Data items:

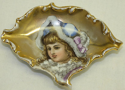 Antique Gold Porcelain Trinket Pin Dish Victorian Girl Doll w/ Fur Bonnet Hat
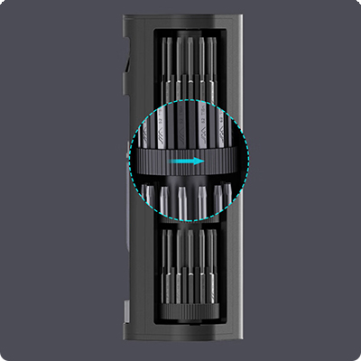 ![]() Вращающаяся система Вращающаяся система хранения обеспечивает невероятное удобство доступа ко всем насадкам. Механизм плавно поворачивается на 360 градусов, позволяя мгновенно найти нужную биту без лишних движений. |
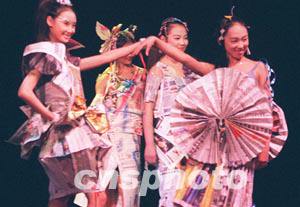 解放軍某部女兵歲末走上舞臺,精心演繹用舊報紙、床單、沙巾等制成的別致時裝,釋放愛美心緒。作者:宋吉河
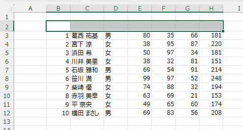 ここでは、B2セルを選択して、[Shift]+[Ctrl]+[→] でB2:H2セルを選択しました。
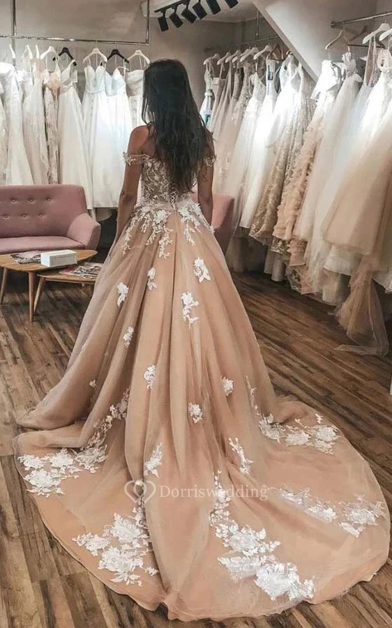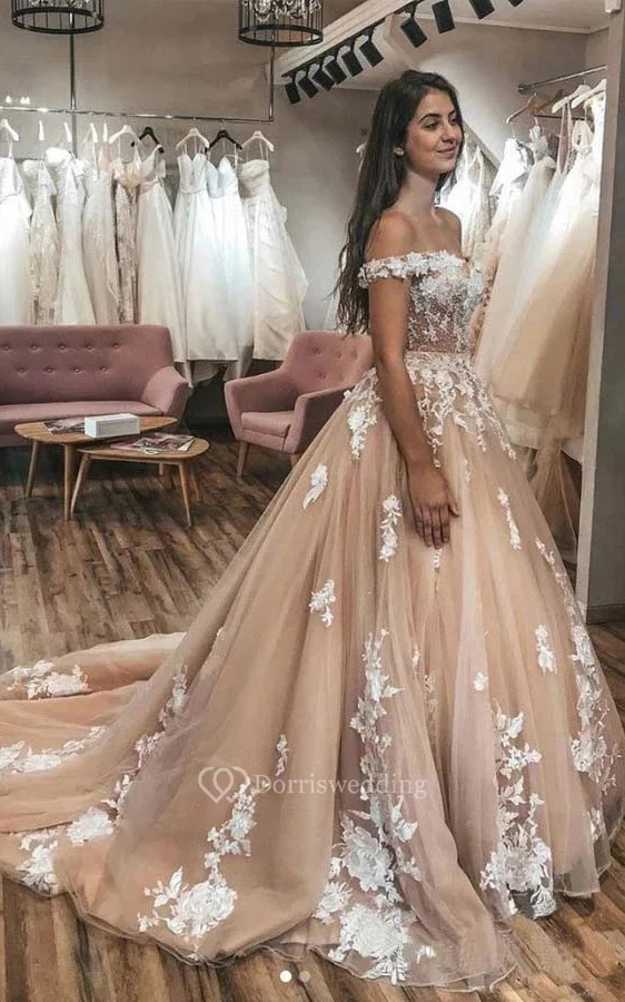 Off-the-shoulder Ball Gown Champagne Lace Applique Exquisite Princess Wedding Dress
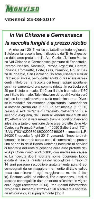 In Val Chisone e Germanasca la raccolta funghi è a prezzo ridotto
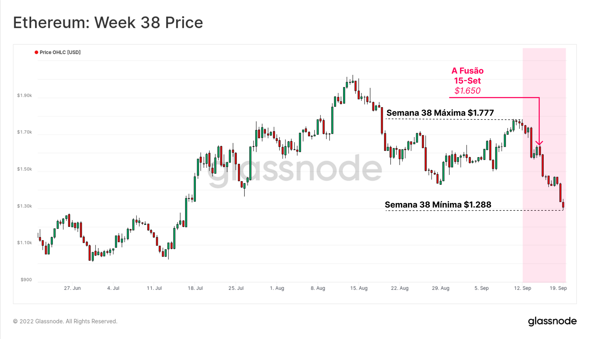 Em nosso Relatório WoC 32, descrevemos como o posicionamento de mercado nos mercados de Futuros e Opções parecia estar bem protegido para um evento no estilo vendendo as notícias. De fato, os preços do ETH foram vendidos, de uma alta semanal de US$ 1.777, para cerca de US$ 1.650 no momento da Fusão, antes de cair para uma mínima de US$ 1.288 no domingo.
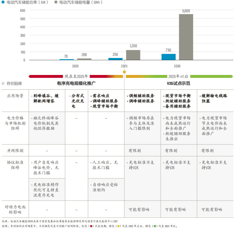 隨著電力市場改革釋放更多的紅利以及動力電池成本的下降與壽命的提升,電動汽車可進(jìn)而發(fā)揮其分布式電源的作用,結(jié)合微電網(wǎng)、虛擬電廠等試點(diǎn)平臺,以V2G方式提供調(diào)頻、調(diào)峰、現(xiàn)貨電力平衡、爬坡服務(wù),爭取在2025—2030年形成具有示范意義的項(xiàng)目與商業(yè)模式。
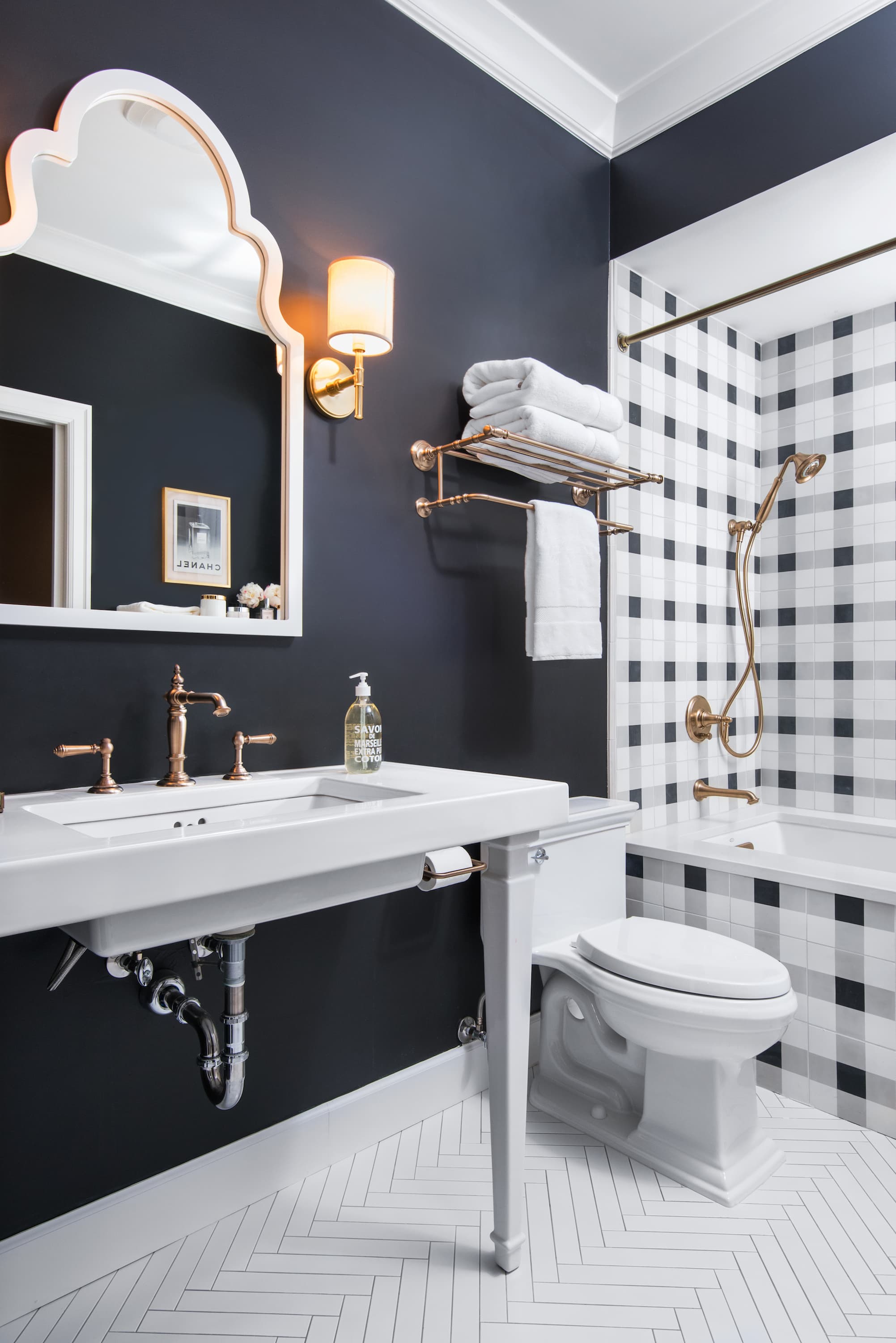 If you want to use bold colors in your bathroom, use large neutral tiles with narrow grout lines that won't distract from the focal point.

### EXERCISE DIRECTIONS
Please give every line above again word for word, apart from the pictures.

### RESPONSE
 Antique Gold Porcelain Trinket Pin Dish Victorian Girl Doll w/ Fur Bonnet Hat
 ![]() Вращающаяся система Вращающаяся система хранения обеспечивает невероятное удобство доступа ко всем насадкам. Механизм плавно поворачивается на 360 градусов, позволяя мгновенно найти нужную биту без лишних движений. |
 解放軍某部女兵歲末走上舞臺,精心演繹用舊報紙、床單、沙巾等制成的別致時裝,釋放愛美心緒。作者:宋吉河
 ここでは、B2セルを選択して、[Shift]+[Ctrl]+[→] でB2:H2セルを選択しました。
 Off-the-shoulder Ball Gown Champagne Lace Applique Exquisite Princess Wedding Dress
 In Val Chisone e Germanasca la raccolta funghi è a prezzo ridotto
 Em nosso Relatório WoC 32, descrevemos como o posicionamento de mercado nos mercados de Futuros e Opções parecia estar bem protegido para um evento no estilo vendendo as notícias. De fato, os preços do ETH foram vendidos, de uma alta semanal de US$ 1.777, para cerca de US$ 1.650 no momento da Fusão, antes de cair para uma mínima de US$ 1.288 no domingo.
 隨著電力市場改革釋放更多的紅利以及動力電池成本的下降與壽命的提升,電動汽車可進(jìn)而發(fā)揮其分布式電源的作用,結(jié)合微電網(wǎng)、虛擬電廠等試點(diǎn)平臺,以V2G方式提供調(diào)頻、調(diào)峰、現(xiàn)貨電力平衡、爬坡服務(wù),爭取在2025—2030年形成具有示范意義的項(xiàng)目與商業(yè)模式。
 If you want to use bold colors in your bathroom, use large neutral tiles with narrow grout lines that won't distract from the focal point.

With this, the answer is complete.